┌─ Exercise inputs
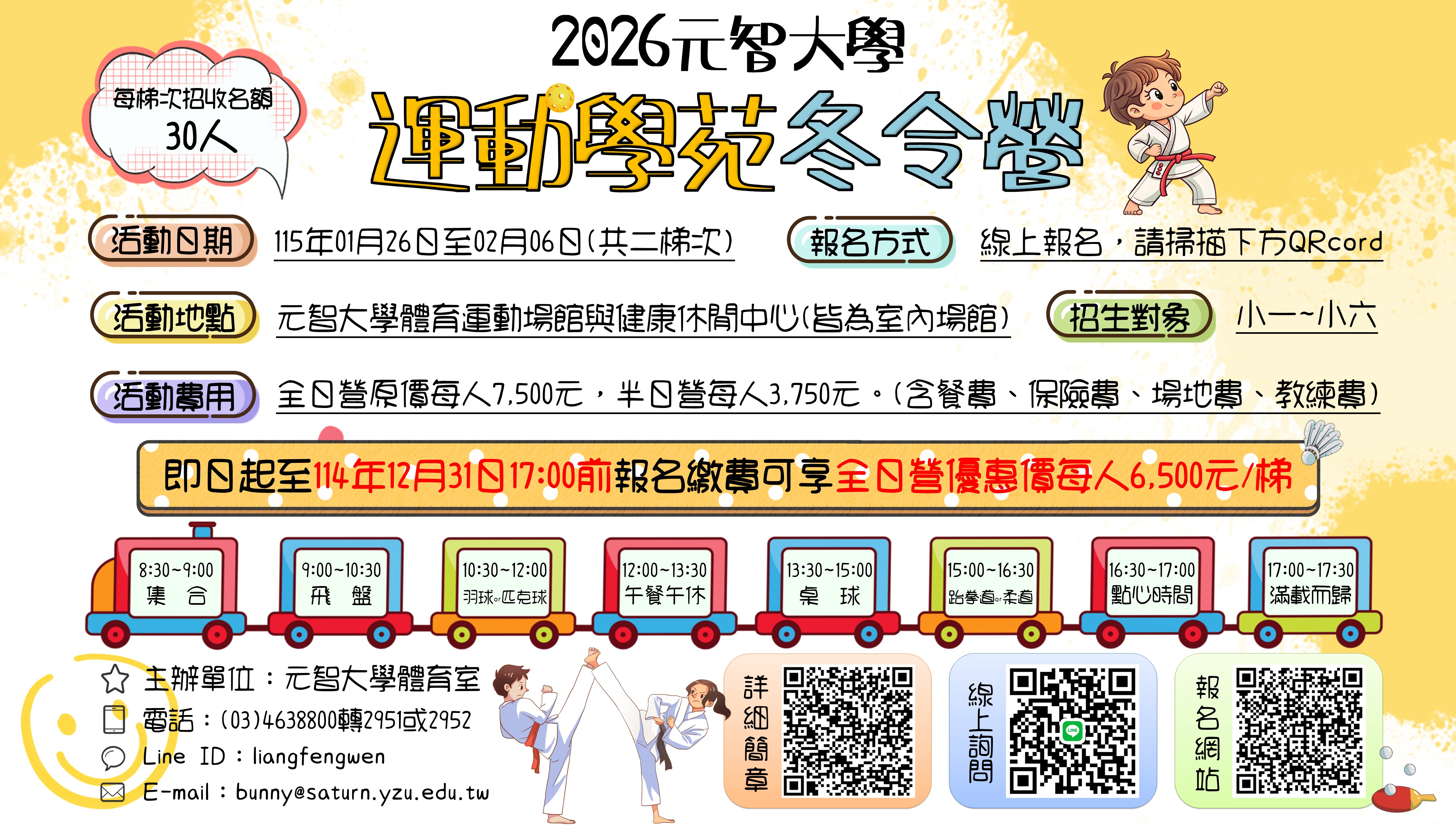 十、報名方式:請先填寫2026元智大學「運動學苑」冬令營線上預約報名系統。
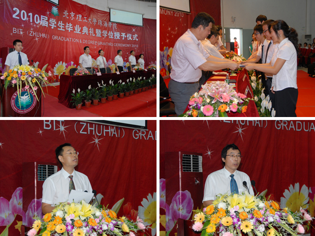 米兰milan官方网站副校长赵平代表校本部领导和全体师生员工,祝贺珠海学院2010届学生顺利完成学业并获得学位、踏上新的人生旅途!赵平副校长说,珠海学院经过六年的创业和努力,获得社会的肯定,靠的是珠海市委市政府的鼎力支持,学校教职工的奉献,也包含了珠海学院学子们的理解、协力、患难与共和包容。赵平副校长希望同学们志存高远,将自身的发展和祖国强盛紧密相联。并引用米兰milan官方网站前身——延安自然科学院徐特立老院长的教诲“实事求是,不自以为是”,嘱托2010届毕业生秉承延安精神的优良传统,在未来的道路上不断历练“求真务实、脚踏实地”之风气,踏实做人,认真做事。
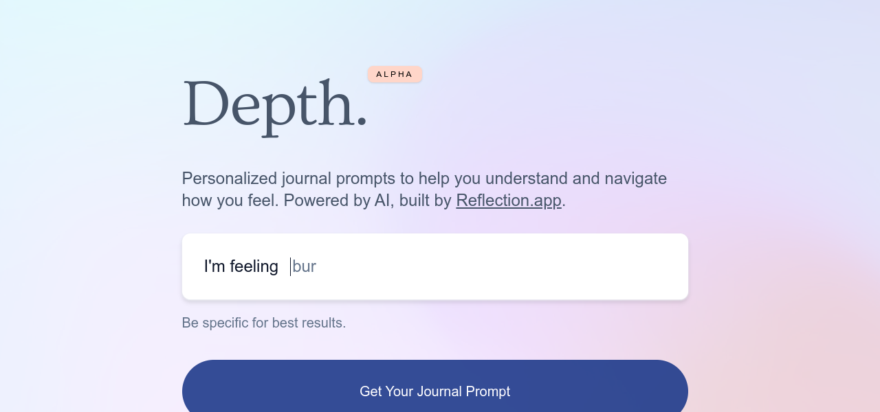Depth: AI-powered journaling for emotional self-reflection and growth. Receive prompts, explore emotions, find peace, foster gratitude.
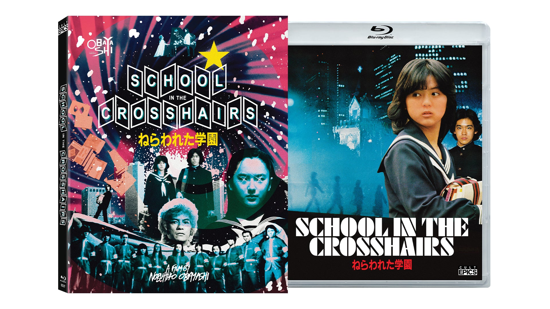 Released months before lead Hiroko Yakushimaru's breakthrough hit Sailor Suit and Machine Gun, Nobuhiko Obayashi's first groundbreaking teenage idol picture is a dazzling mix of special effects and blue-screen artifice--a stylistic flair perfected in Obayashi's debut House, now utilized for the onset of an alien invasion. Ordinary schoolgirl Yuka's (Yakushimaru) new term comes to an odd start when she inexplicably stops an accident by using latent psychic powers. Troubled by her newfound abilities, Yuka also senses a strange force start to take hold of the school, with students turning into mind-controlled fascists, patrolling school halls, stifling dissent and mandating the re-education of freethinkers. A psychotronic fantasy forged into a young girl's destiny to defend the planet, School in the Crosshairs is a cosmic overload of extraterrestrial tyrants, preternatural powers and Obayashi's uniquely adroit filmmaking abilities, underlaid with an existential cry for free will.
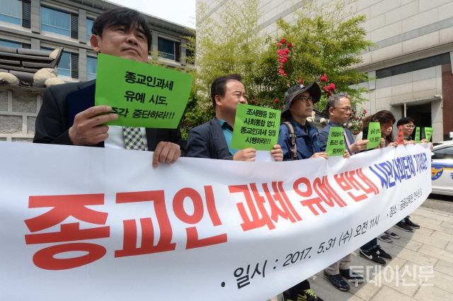 반면 한국납세자연맹 등 시민단체는 지난 8월 24일 ‘종교인 과세 유예 법안 발의 국회의원 사퇴 요구 시민사회단체 기자회견’을 열고 “보수 개신교계를 제외하면 언론과 시민사회가 한목소리로 종교인 과세 시행을 요구하고 있다”고 강조했다.
└─
* _Exercise brief_
Hand back the exact lines from the start of the entries to the line with "Depth: AI-powered journaling", both ends kept and pictures left out.

* _Output for this exercise_
 十、報名方式:請先填寫2026元智大學「運動學苑」冬令營線上預約報名系統。
 米兰milan官方网站副校长赵平代表校本部领导和全体师生员工,祝贺珠海学院2010届学生顺利完成学业并获得学位、踏上新的人生旅途!赵平副校长说,珠海学院经过六年的创业和努力,获得社会的肯定,靠的是珠海市委市政府的鼎力支持,学校教职工的奉献,也包含了珠海学院学子们的理解、协力、患难与共和包容。赵平副校长希望同学们志存高远,将自身的发展和祖国强盛紧密相联。并引用米兰milan官方网站前身——延安自然科学院徐特立老院长的教诲“实事求是,不自以为是”,嘱托2010届毕业生秉承延安精神的优良传统,在未来的道路上不断历练“求真务实、脚踏实地”之风气,踏实做人,认真做事。
Depth: AI-powered journaling for emotional self-reflection and growth. Receive prompts, explore emotions, find peace, foster gratitude.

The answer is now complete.